La stitichezza rappresenta una complicanza digestiva molto comune durante la gravidanza, che può influenzare significativamente la qualità di vita delle donne in attesa. Una recente meta-analisi pubblicata su BMC Pregnancy and Childbirth ha esaminato 13 studi condotti tra il 1966 e il 2024, coinvolgendo complessivamente 7.082 donne gravide, per determinare la prevalenza globale di questo disturbo e le sue variazioni nei tre trimestri gestazionali.

Un problema diffuso con variazioni significative

L'analisi complessiva ha rivelato che la prevalenza globale di stitichezza durante la gravidanza si attesta al 32,4%, con variazioni rilevanti a seconda del periodo gestazionale. Nel primo trimestre la prevalenza è del 21,1%, aumenta significativamente nel secondo trimestre raggiungendo il 34%, per poi diminuire leggermente nel terzo trimestreattestandosi al 30,3%.

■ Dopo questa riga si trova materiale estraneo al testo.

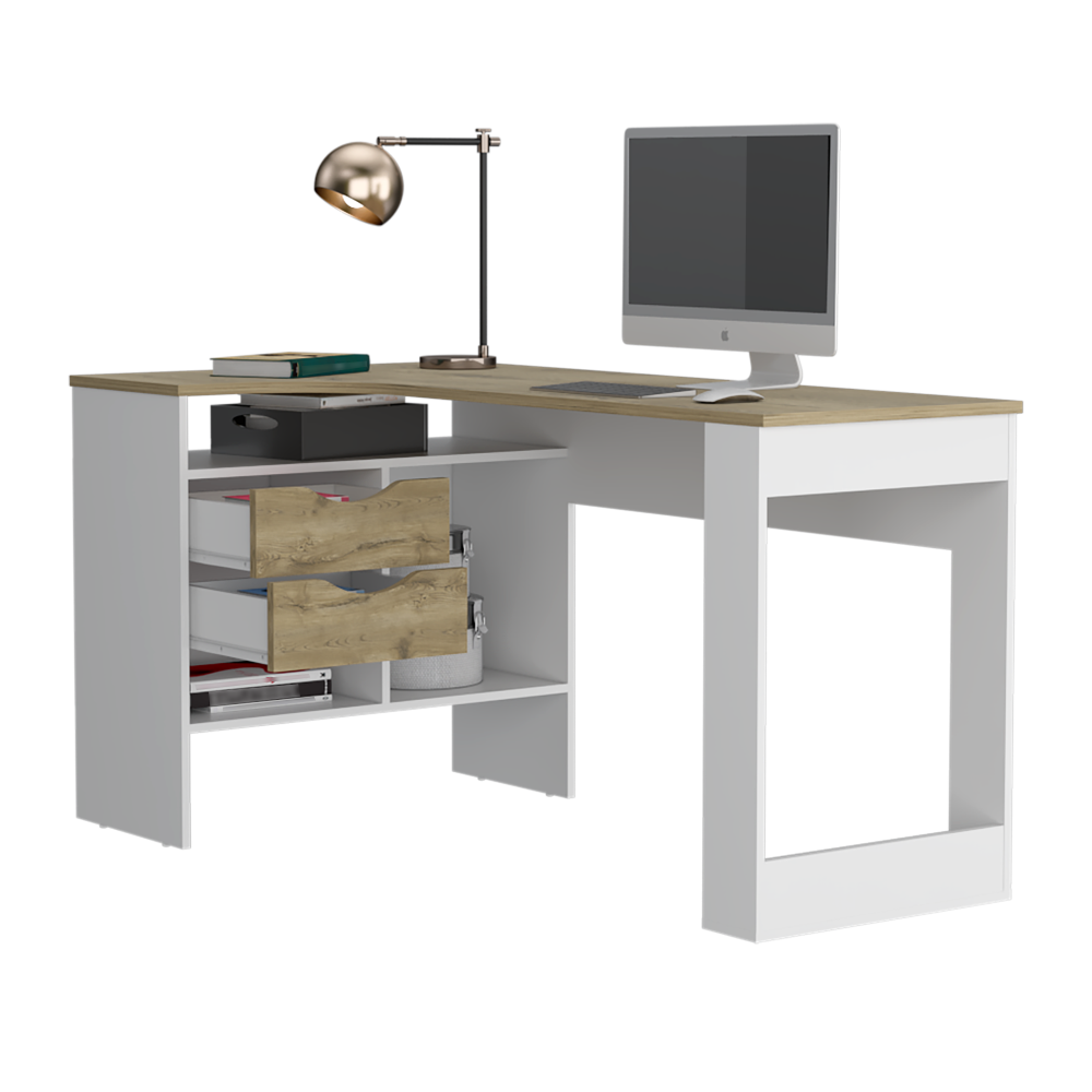 Escritorio Noah, Macadamia y Blanco Marquez, con dos cajones
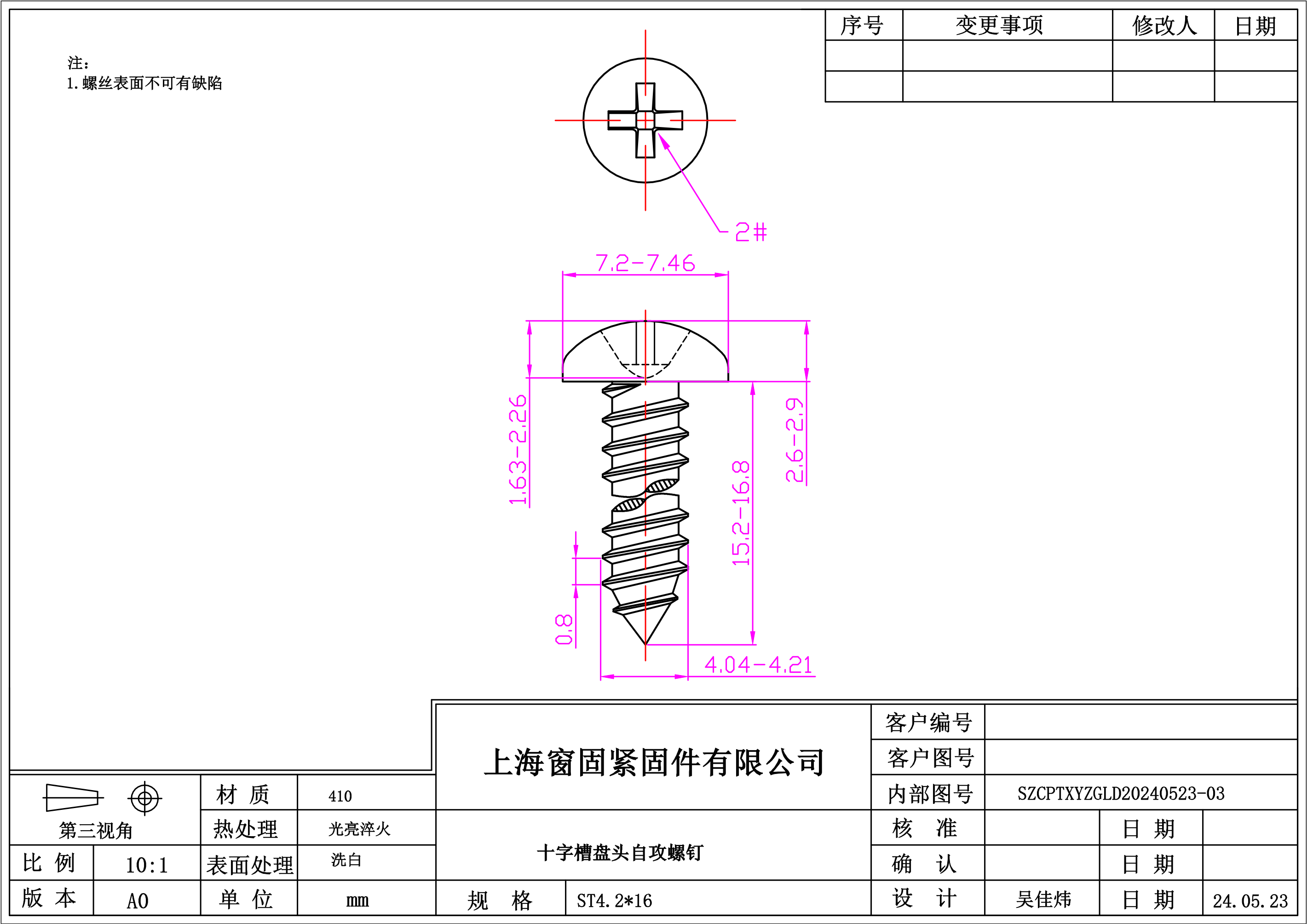 不锈钢410十字盘头细牙自攻螺钉~4.2*16~洗白

Questi dati evidenziano come il secondo trimestre rappresenti il periodo di maggiore vulnerabilità, mentre il primo trimestre mostra la prevalenza più bassa. Tuttavia, è importante sottolineare come la variabilità tra gli studi sia considerevole, con range che vanno dal 4,5% fino al 66,6% a seconda del trimestre, della popolazione studiata e dei criteri diagnostici utilizzati.

Fattori eziopatogenetici della stitichezza gravidica

Le cause della stitichezza in gravidanza sono molteplici e interconnesse. Il principale meccanismo fisiopatologico è rappresentato dalla riduzione della peristalsi intestinale dovuta all'aumento del progesterone, ormone che raggiunge livelli elevati durante la gestazione e che ha un effetto rilassante sulla muscolatura liscia intestinale.

Altri fattori contribuenti includono l'utilizzo di farmaci come il solfato di magnesio per prevenire il parto prematuro, gli antistaminici e i farmaci antiemetici comunemente prescritti in gravidanza. Anche modifiche nelle abitudini alimentari giocano un ruolo importante: molte gravide riducono l'assunzione di fibre alimentari e di liquidi, quest'ultimo spesso a causa di nausea e vomito mattutini.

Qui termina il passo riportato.